Here is one of Green’s best problems, a four-mover that delivers a startling number of classical themes. The key 1.Bh7! vacates b1 to threaten 2.Bxa7 and 3.Qb6 – a Bristol manoeuvre – followed by 3…B~ 4.Qb1. If 1…g3, aiming for stalemate after 2.Bxa7?, then 2.Bb6 axb6 3.Qxb6 Bf2 4.Qb1. After 1…gxh3 (which cleverly defeats the threat by exploiting the white king’s position: 2.Bxa7? hxg2 3.Qb6 g1(Q)+), White executes another Bristol on the g-file with 2.Rg7 h2 3.Qg6, and then 3…Bxf2 4.Qb1. This variation reveals that the bishop-key is a clearance move that allows the queen to travel on the same diagonal line but in the opposite direction – a Turton doubling. Finally, 1…gxf3 is answered by 2.Rg6, which interferes with the key-bishop and forces 2…Kc2 3.Rb6+ Kd1 4.Rb1. Thus the key is also a critical move going across g6, and with the subsequent interference on that square to avoid stalemate and the firing of the created battery, the Indian theme is effected.

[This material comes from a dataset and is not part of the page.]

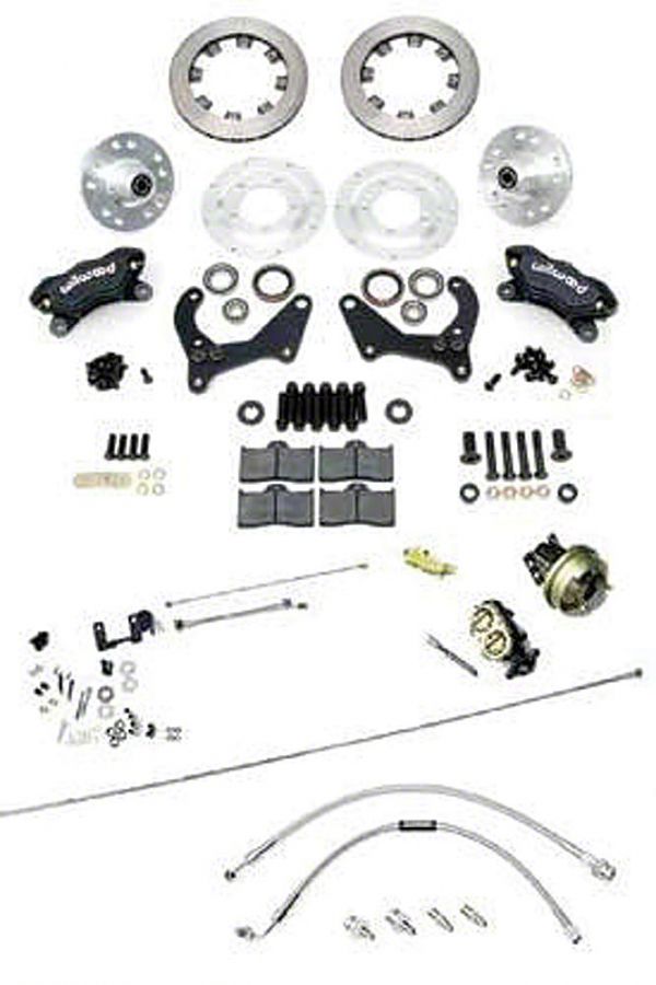 Are you ready for a huge improvement over original, unpredictable four-wheel drum brakes? If you are, then our Wilwood complete power disc brake kit is for you. Our kit includes: large 2-piece 11-3/4" vented rotors, 4-piston aluminum calipers, caliper brackets, pads, bearings, power booster, dual master cylinder, proportioning valve and bracket, prebent lines, stainless steel braided hoses and all hardware needed to install. This kit moves the front wheels outboard 3/4" on each side so keep this in mind for wheel and tire clearance. The unique 2-piece caliper brackets bolt right to your stock spindles with supplied hardware. The super huge 2-piece rotors provide superior braking power as well as a great performance look when used with aftermarket wheels equipped with large slot op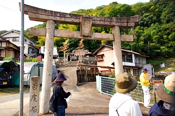 松室神社≠ナは、境内には上がらず石段下の鳥居から説明をされます本日のガイドsan。

Just over a decade ago, Geoff Foster and Bob Meadley collaborated on an important two-part article, ‘Arthur Mosely and the Brisbane Courier’ (accessible from the Problemists and History section of this site). Bob has now produced a document about the research process that lies behind the article, named ‘Some Mosely Material’. It includes correspondence between Geoff and Bob detailing their thoughts on the project, preliminary versions of the article, and additional scans of Mosely-related images that didn’t make the final version. This interesting “behind the scenes” look at a great Australian problemist is available upon request.